Saturn actually had to be forced to give up his kingdom. Saturn was the father of Jupiter, Neptune, and Dis. His sons rebelled against him, overthrew him, and divided the earth among themselves. Jupiter became the god of the sky, Neptune became the god of the sea, and Dis, aka Pluto, became the god of the Land of the Dead. As the king of the gods, Jupiter exerted the most power over the land.

Oenone continued:

“How mighty men made foul and unsuccessful war against the gods and the state of Jupiter.”

A race of Giants, including Otis and Ephialtes, foughtthe Olympian gods for supremacy, but the Olympians defeated the Giants.

Oenone continued:

“How Phorcys’ imp, who was so trim and fair, who tangled Neptune in her golden hair, became a Gorgon because of her lewd misdeed.”

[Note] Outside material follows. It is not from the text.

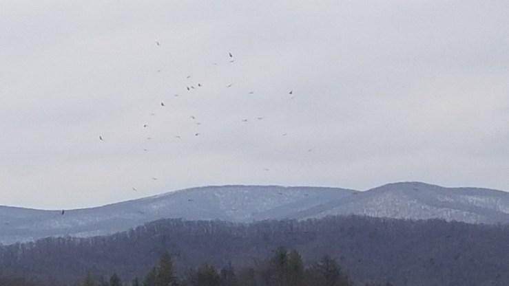 I was not going to post any pictures today, but as I was drafting this blog post about 50 or more buzzards were circling in the sky. This picture likely does not convey how cool it was.

Phorcys was a sea god whose children included Medusa, whom Oenone called an imp. Medusa had an affair with Neptune in a temple dedicated to Pallas, and Pallas punished her by turning her hair into snakes and making her face so horrible that any mortal who looked at it turned to stone.

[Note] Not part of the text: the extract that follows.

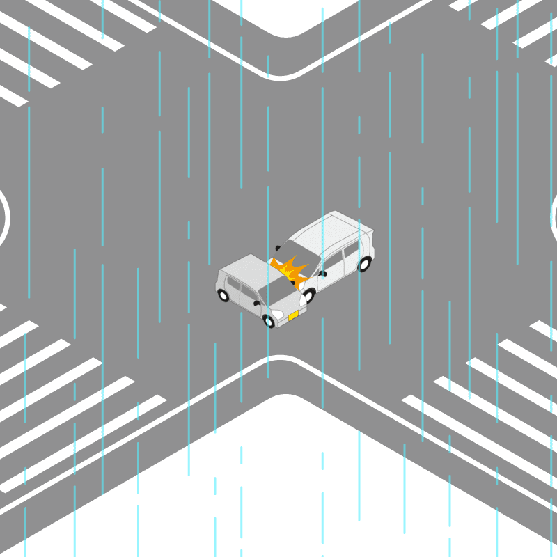 ・イラストに使用している各要素(車、背景、車、天候、信号、衝突地点など)は、代表的なイメージをイラスト化しており、色や形状等含め現実の事故の状況とは異なります。あくまで、事故のイメージとして参考までにご活用ください。

Oenone added, “This is a pretty fable, Paris, for you to read. It is a piece of cunning, trust me, and it makes this point: That wealth and beauty alter men to stones.”

Medusa had wealth and beauty, but she became a monster that turned men who saw her to stone. In other cases, a woman of wealth and beauty can also ruin a man.

Readers who know about the Trojan War may be thinking of Helen of Troy right now.

Oenone continued:

“How Salmacis, resembling idleness, turns men to women all through wantonness and lewd behavior.”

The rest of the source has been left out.